Quando a fermentação termina, as partes sólidas descem e formam a chamada “mãe”. O vinho estagia cerca de quatro meses, estabilizando naturalmente com o frio do inverno, sem correções, sem colagens, sem filtrações industriais.

“É mesmo a uva que faz tudo. A fermentação, a estabilização e a filtração.”

O vinho é retirado por uma torneira de madeira, atravessando a própria mãe, que funciona como filtro natural. O resultado surpreende pela limpidez e pureza.

Castas antigas, identidade intacta e viticultura biológica

As castas utilizadas são as mais antigas da região, perfeitamente adaptadas ao clima e ao solo:

Brancas

  • Antão Vaz

  • Perrum

  • Diagalves

  • Manteúdo

  • Roupeiro

Tintas

  • Alfrocheiro

  • Moreto

  • Morisco

  • Trincadeira

  • Aragonês

  • Castelão

Paralelamente ao trabalho com castas antigas e autóctones, Teresa vem a aprofundar, há vários anos, uma viticultura de base biológica, hoje complementada por experiências criteriosas em biodinâmica, desenvolvidas com o acompanhamento de Anna Jorgensen, da Cortes de Cima, sempre com o foco na leitura mais fiel do lugar e não na aplicação dogmática de métodos.

São vinhos que desafiam preconceitos modernos: podem ser bebidos jovens, mas têm estrutura, acidez e composição fenólica para envelhecer longamente.

“É um vinho muito bom novo, mas com 1, 2, 5 ou 10 anos continua a melhorar.”

A “mãe”: o segredo da robustez e da limpidez

No vinho de talha, a palavra “mãe” não é metáfora: é estrutura. Durante meses, o vinho convive com a parte sólida, e essa relação constrói robustez e estabilidade.

“A robustez deste vinho… tem a ver com o facto de estar em contacto com aquilo que nós chamamos a mãe… e de vir a ser filtrado pelas próprias massas.”

Este ponto é decisivo para quem ainda associa talha a rusticidade turva: a talha pode entregar vinhos de notável limpidez, precisamente porque a filtração acontece por gravidade e pelo próprio “corpo” da uva — como se a natureza fechasse o ciclo sem pedir permissão à máquina.

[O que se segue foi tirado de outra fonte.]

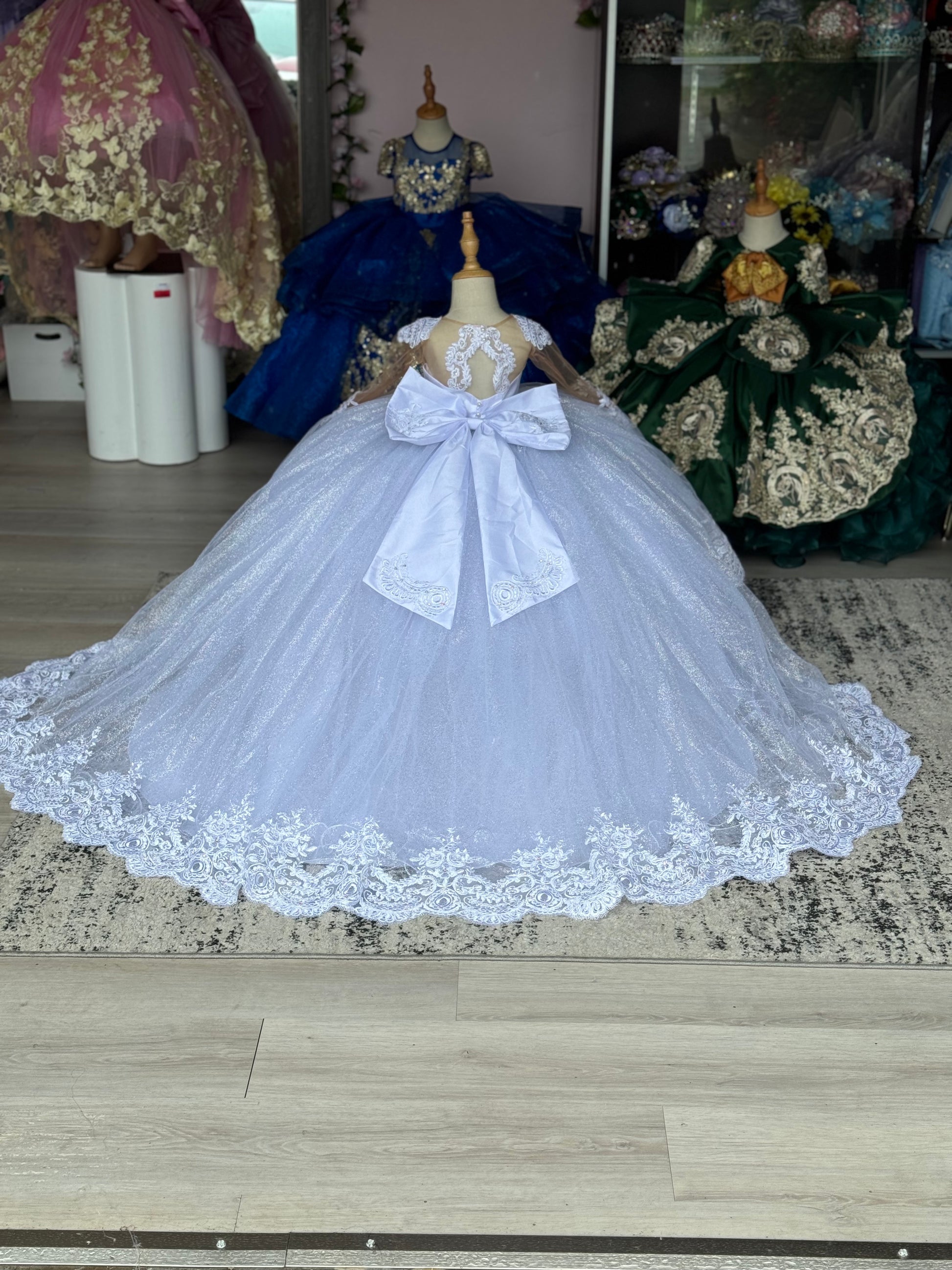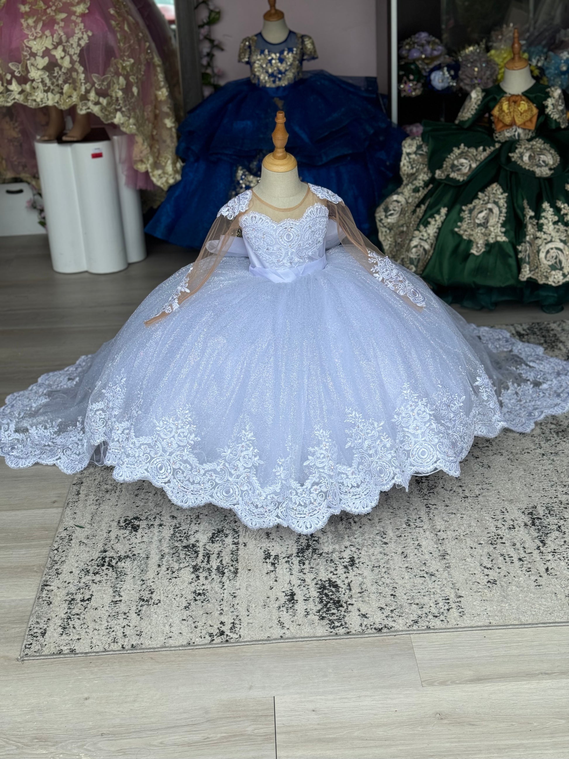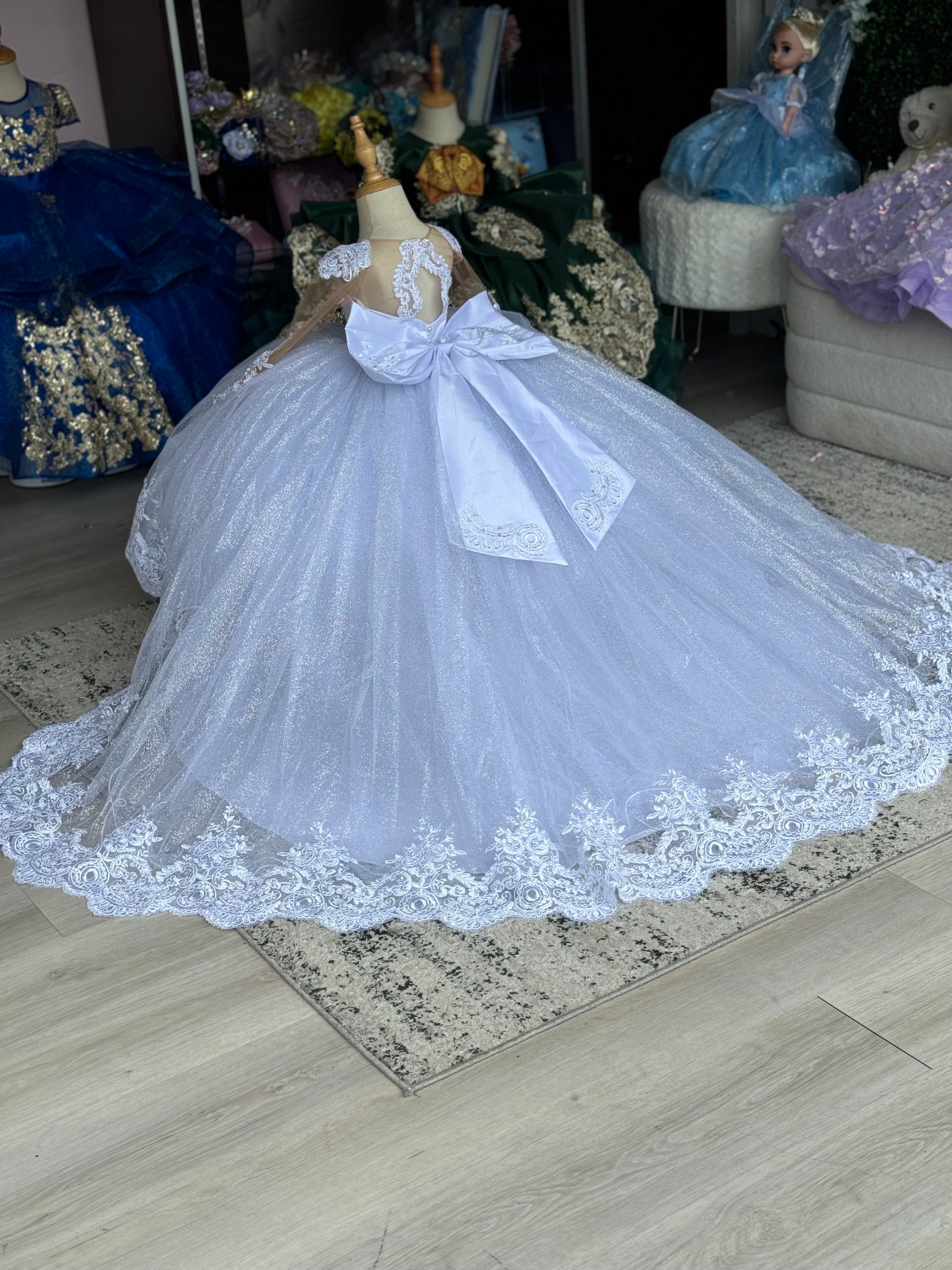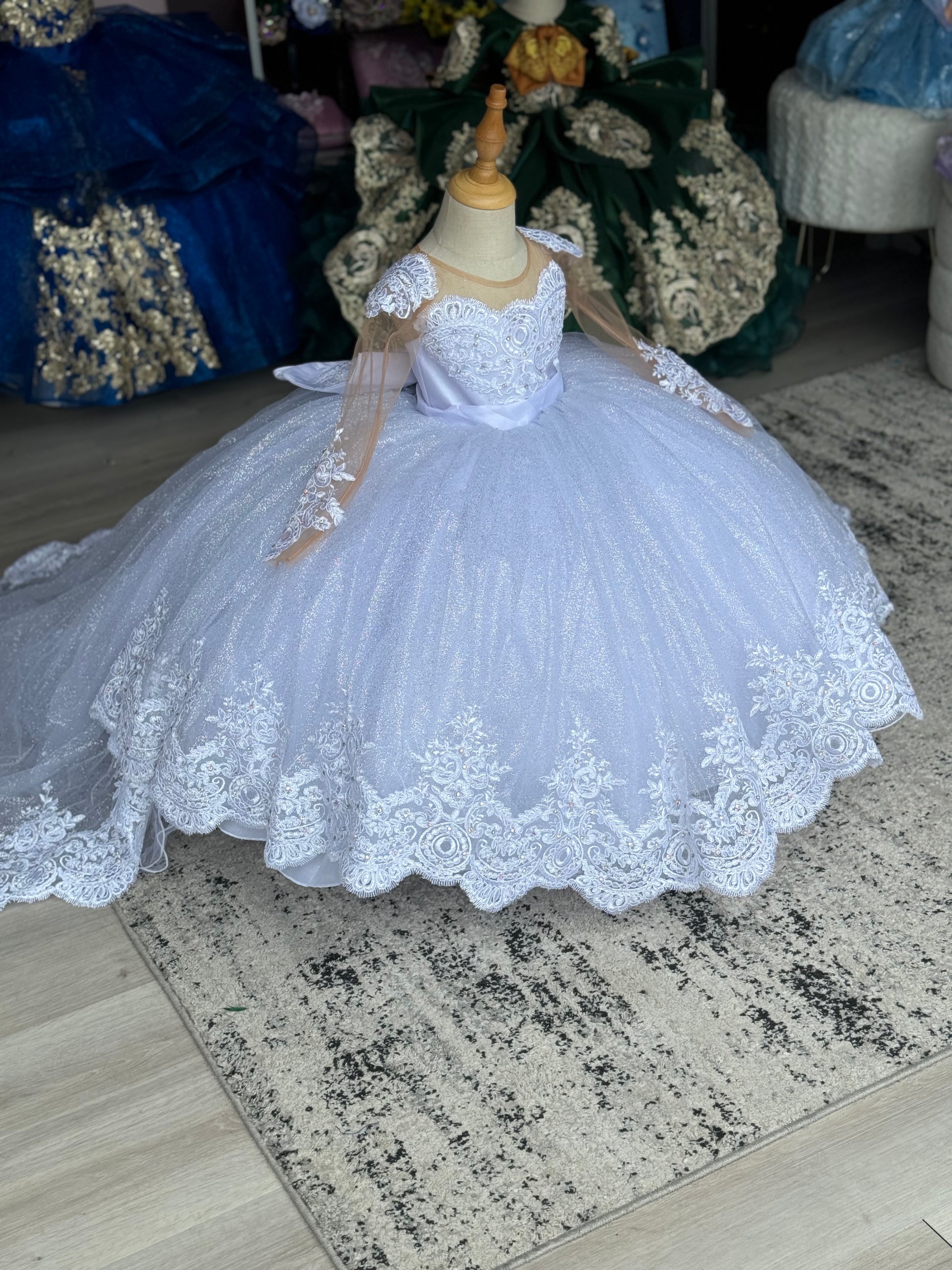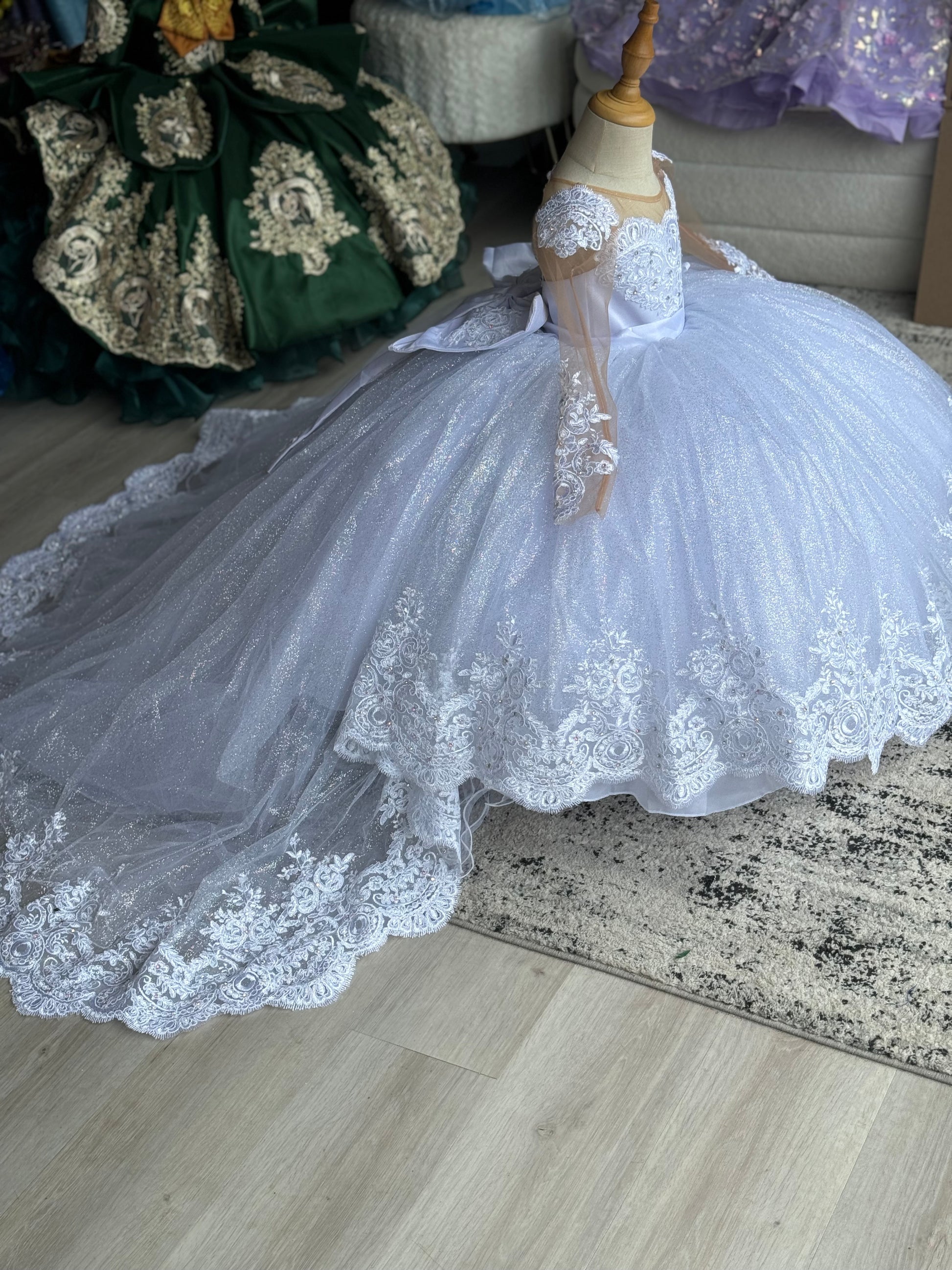 This stunning child's gown is a versatile 2-in-1 style, perfect for a special occasion. The dress features a lace bodice with an elegant scalloped neckline and long, sheer sleeves adorned with delicate lace appliqué. The full, floor-length skirt is made of a tulle, creating a dazzling and voluminous silhouette. The addition of glitter is optional. The back of the dress also features a dramatic train of the same tulle, with a wide border of intricate lace along the hem of the dress, giving the garment a cohesive and luxurious finish. This adaptable dress offers classic elegance with the option of whimsical sparkle.

São Martinho: quando a técnica se torna ritual social

Há uma data que organiza o calendário simbólico do vinho de talha: São Martinho. É o momento da abertura das talhas, quando o vinho deixa de ser promessa e passa a ser partilha — com mesa, canto e comunidade.

“O dia da abertura das talhas é o dia mais esperado do ano. É o dia em que se… partilha um vinho com os amigos.”

Em Vila de Frades, esta celebração assume dimensão própria e integra um calendário cultural que, ano após ano, reativa o sentido de pertença e continuidade.

Gerações da Talha: vinho sem máscaras

Os vinhos das Gerações da Talha não procuram agradar a todos. Procuram ser verdadeiros. Não escondem o território, não maquilham o tempo, não se adaptam a modas. São histórias líquidas, contadas com barro, uva e paciência.

“Histórias puras e verdadeiras contadas de forma líquida.”

Num mundo cada vez mais uniforme, estes vinhos lembram-nos que o futuro do vinho passa, muitas vezes, por respeitar profundamente o passado.